# WORK REQUEST
Restate word for word the lines below that run from the one holding "Die Spree fließt" through the one holding "Figura 7. Zona", inclusive. Pictures don't belong in the copy.

# THE DATA
===============

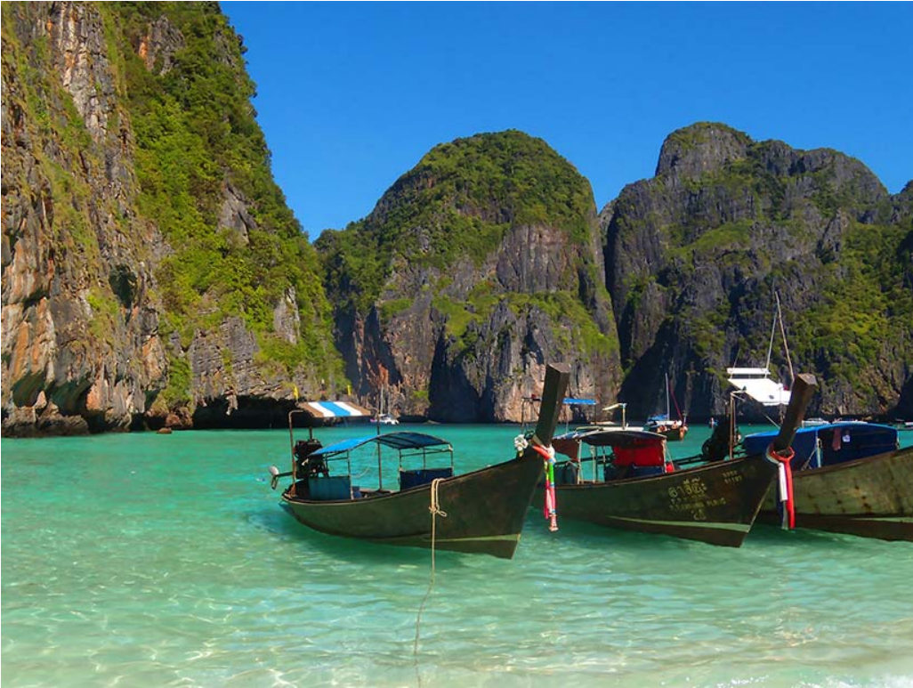
Fig. 6. Ko Phi Phi Lee, traditional boats.

Ryc. 6. Ko Phi Phi Lee, tradycyjne łodzie.
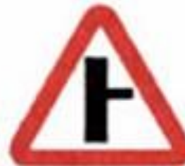
2.3.2 Примыкание второстепенной дороги
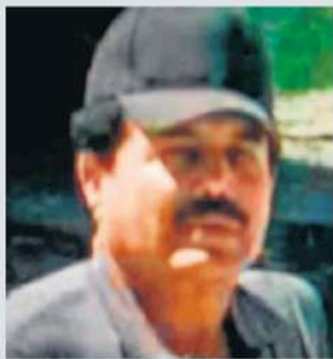
Imatge policial d'Ismael el Mayo Zambada García. ere
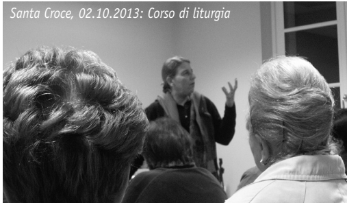
Santa Croce, 02.10.2013: Corso di liturgia

Il programma dettagliato in oratorio o su www.parrochiesondrio.it/vicariato
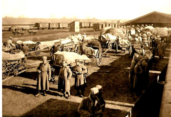
Nakládání na železnici k cestě na východ

Moderní, ale deformovaná výchova: Dle Zdeňka Neubaera se u moderního člověka těžiště poznání, vč. osobnosti a vědomí, přesunulo do levé mozkové hemisféry. Ta vnímá pouze přímočaře. V našem světě pak převládá kauzální a normativní analytické myšlení vč. instrumentální racionality. Nárok na pravdu je tak přiznán pouze takovému vědění, které lze převést na text a vyjádřit kalkulem. V takovém světě se pak uplatňuje zejména abstraktní myšlení.
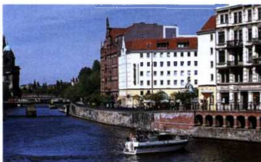
Die Spree fließt auch durch das Nikolaiviertel (siehe S. 90f)
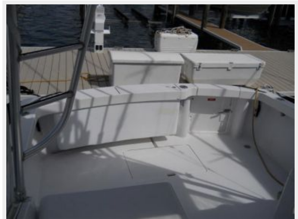
Insulated Fish Box
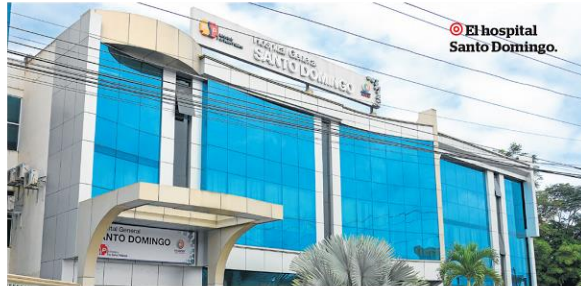
El hospital Santo Domingo.
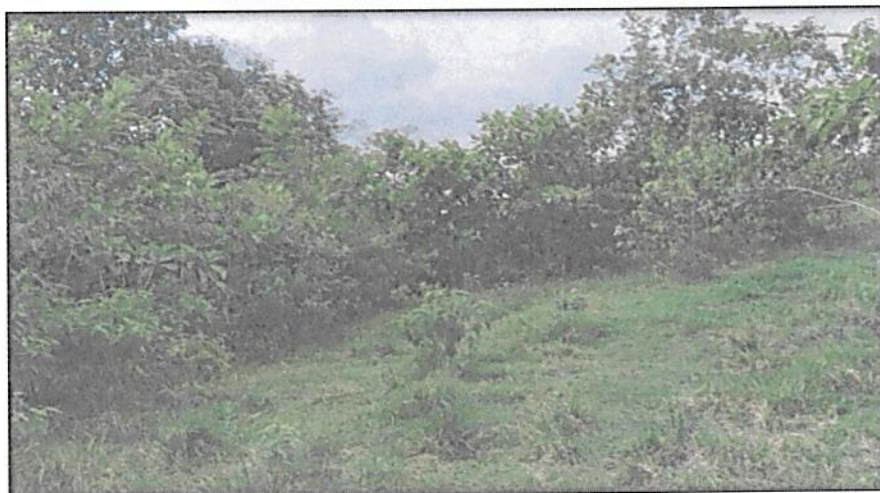
Figura 7. Zona de Agrosistemas de la RNSC "LA ESPERANZA 2"

Esta zona cuenta con 115,7212 ha. es decir, el 55,17 % del área total a registrar. Está conformada por zonas con coberturas de pastizales. Esta área está destinada para producción ganadera sostenible.

===============

# EXERCISE SOLUTION
Die Spree fließt auch durch das Nikolaiviertel (siehe S. 90f)
Insulated Fish Box
El hospital Santo Domingo.
Figura 7. Zona de Agrosistemas de la RNSC "LA ESPERANZA 2"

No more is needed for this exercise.